Lokalzeitungen – einst und jetzt (Teil 1)

Der bayerische Ministerialerlass vom 14. Juni 1859 und das Reichsgesetz über die Presse vom 7. Mai 1874 waren wichtige Schritte zur Beendigung der Zensur in Bayern. Fortschritte in der Drucktechnik und der Ausbau der Eisenbahn- und Telegraphienetze schufen weitere wesentliche Voraussetzungen für das Entstehen einer Massenpresse im letzten Drittel des 19. Jahrhunderts.

Dies ermöglichte 1881 auch das Entstehen des "Ebersberger Anzeiger", der zugleich Amtsblatt des Bezirksamts war. 1922 wurde er in "Der Oberbayer" umbenannt.

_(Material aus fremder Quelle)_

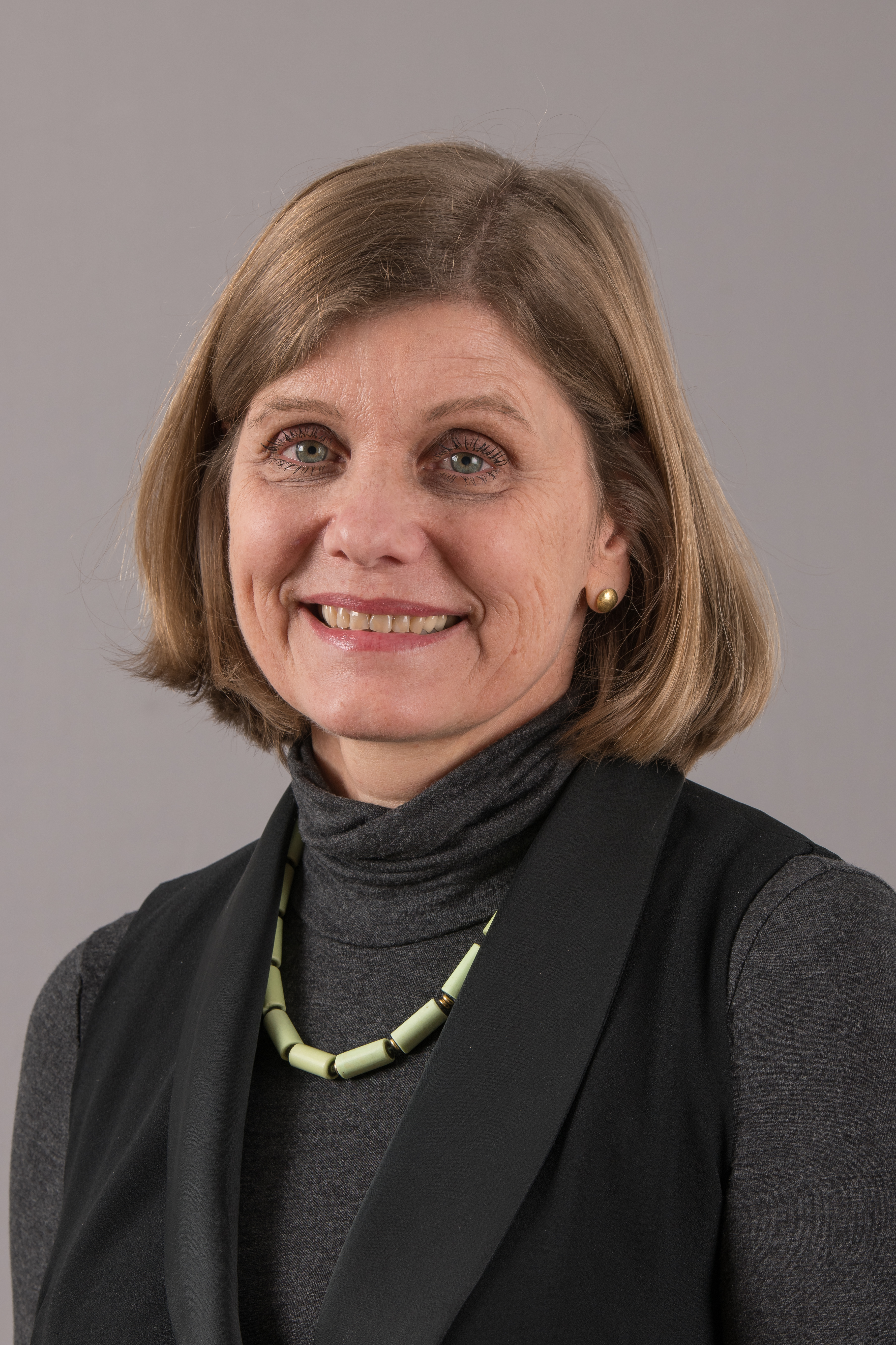 13/12/17, Bregenz/Vorarlberg, Landtagsprojekt Vorarlberg. Picture shows Barbara Schöbi-Fink (ÖVP), delegate to the Vorarlberger Landtag since 2014

Nach dem Hitlerputsch am 8. November 1923 wurde die Zeitung wegen Kritik an der Regierung Kahr längere Zeit verboten. Der Herausgeber Schmidle aus Ebersberg entzog sich der strafrechtlichen Verfolgung und Verhaftung durch Flucht. Die entstandene Lücke nutzte im Dezember der Grafinger Verleger Haußer zur Gründung der "Grafinger Zeitung" (erschien vorher unter verschiedenen anderen Titeln), zunächst ein reines Anzeigenblatt.

Die "Verordnung des Reichspräsidenten zum Schutz von Volk und Staat" vom 28. Februar 1933 ("Reichstagsbrandverordnung") und das Schriftleitergesetz vom 4. Oktober 1933 führte zum Ende der Pressefreiheit und zur Gleichschaltung der Presse, auch der beiden Zeitungen im Landkreis. Journalisten wurden zwangsweise zu Staatsdienern gemacht, es durfte nur noch das gedruckt werden, was den NS-Machthabern passte. Als dann überall nur noch das Gleiche zu lesen war, gingen verständlicherweise die Abonnentenzahlen zurück und viele Zeitungen mussten aufgeben oder fusionieren.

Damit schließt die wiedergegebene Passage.